I had the privelge of riding in Bryan's foldboat, and it is very roomy, packs a lot of gear. It's open, so surf may be a problem. The sit ons will get you thru anything that doesn't sweep you off.

My fleet has shrunk to a canoe and a kayak. As always, the smallest boat gets used the most. Anything you can tote by yourself will get you on better water more often.
Ruddyduck
 

Aubie

New Member
Jan 9, 2003
64
0
0
Thanks to all for the help

Thanks for the info Ruddyduck. I didn't get to look at any Perception kayaks in person, just the internet.

I bought my boat last Friday(5/23) in Columbus, Ga. at a dive shop. The guy has been sitting on his kayaks for a while and made a great deal with me. Because of the reduced price I was able to buy the kayak I really wanted, which is the Scupper Pro TW by Ocean Kayak. This thing has tons of storage space, is long and fast, and has great secondary stability.

I'm a beginner paddler but the TW was a breeze to handle the first time I had it in the open water. On Sunday(5/25) I met Bladerunnner at Destin and we paddled out to a wreck about .6 mi. out. Early in the day the surface was calm and I had a great chance to get used to the boat. Geared up with both legs hangin' over one side early then straddled the boat to gear up later. Both were soooo easy. No trouble retrieving the anchor, in fact that was even easier than I thought it would be.

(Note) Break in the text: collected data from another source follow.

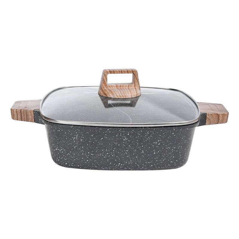 Generic - مقلاة عميقة من الجرانيت مع غطاء زجاجي ومقابض خشبية، ٢٨ سم، رمادي
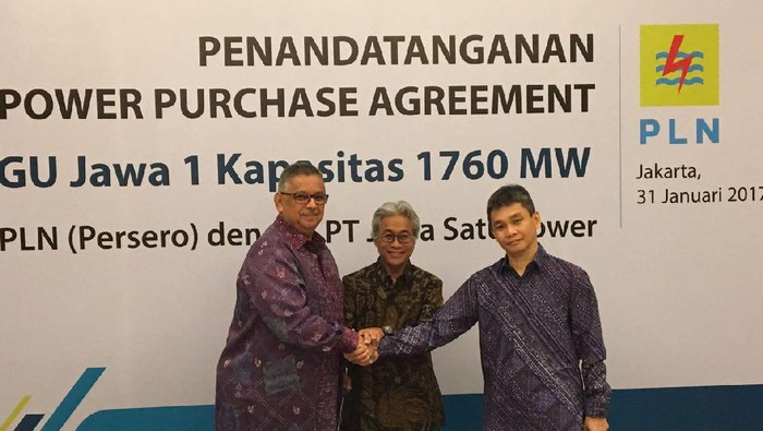 Penandatanganan tersebut dilakukan oleh Direktur Utama PLN Sofyan Basir bersama dengan Direktur Utama PT Jawa Satu Power Ginanjar, Manager Overseas Power Project Dept Marubeni Corporation Akira Suda, dan Assistant General Manager Sojitz Corporation Ikuya Nakamura, disaksikan oleh Direktur Utama Pertamina Dwi Soetjipto.
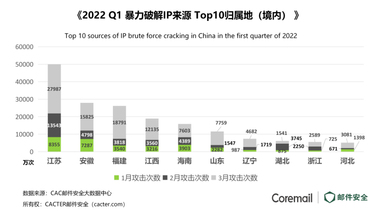 IP来自国内的暴力破解次数持续上涨,3月环比增幅高达157%,3月主要集中地区是江苏,安徽,福建和江西。
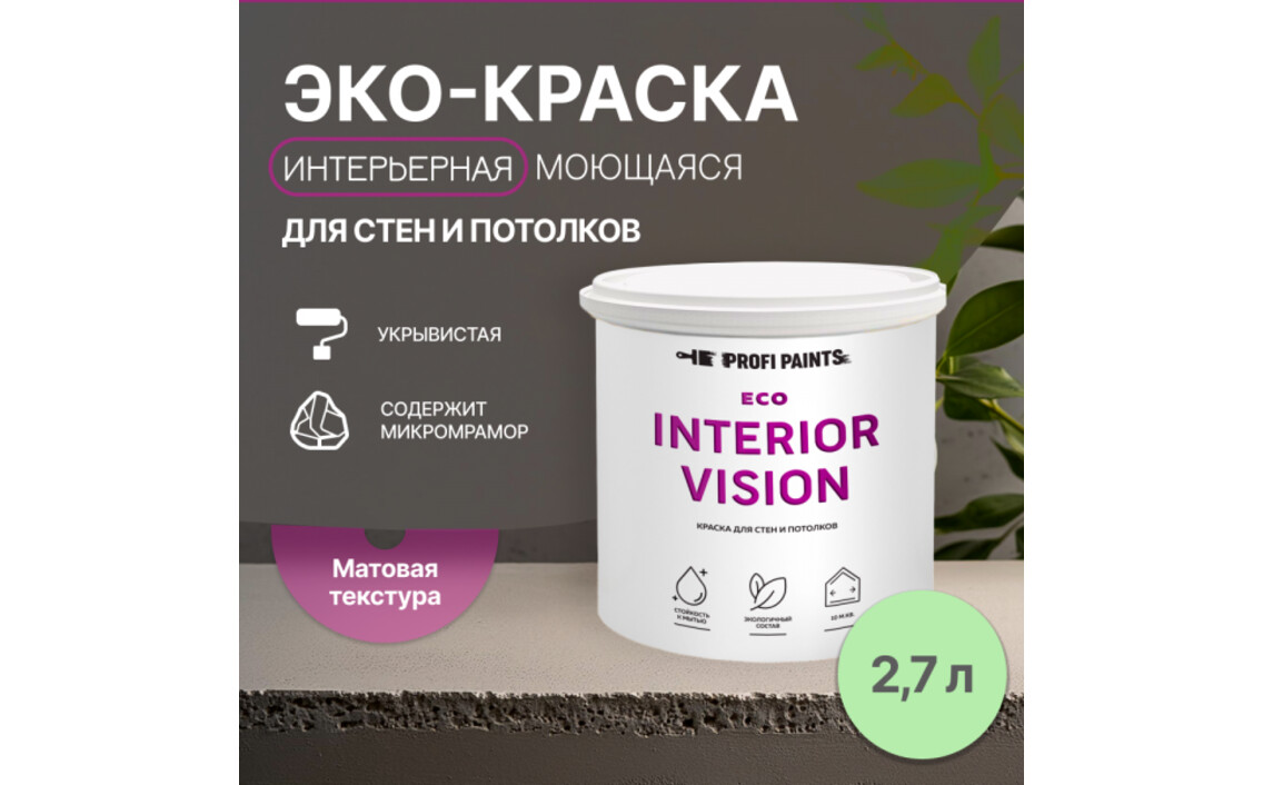 PROFIPAINTS Краска интерьерная для стен и потолков износостойкая матовая Profipaints ECO IСер. номер: 100071492826

Later in the day the wind and current picked up and it was really a nice treat to paddle around in those conditions; the boat was great. We had a lot of fun and no troubles with the surf entries and exits. I wanted to go back down this weekend for some more but couldn't manage it.

But I'll be back down soon.

Thanks a million to all who helped out. I think every variable I was concerned about was addressed by someone. That made the first time out much more enjoyable and virtually anxiety free.

If any one is interested in Ocean Kayaks, send a PM and I'll get you in touch with the guy in Columbus.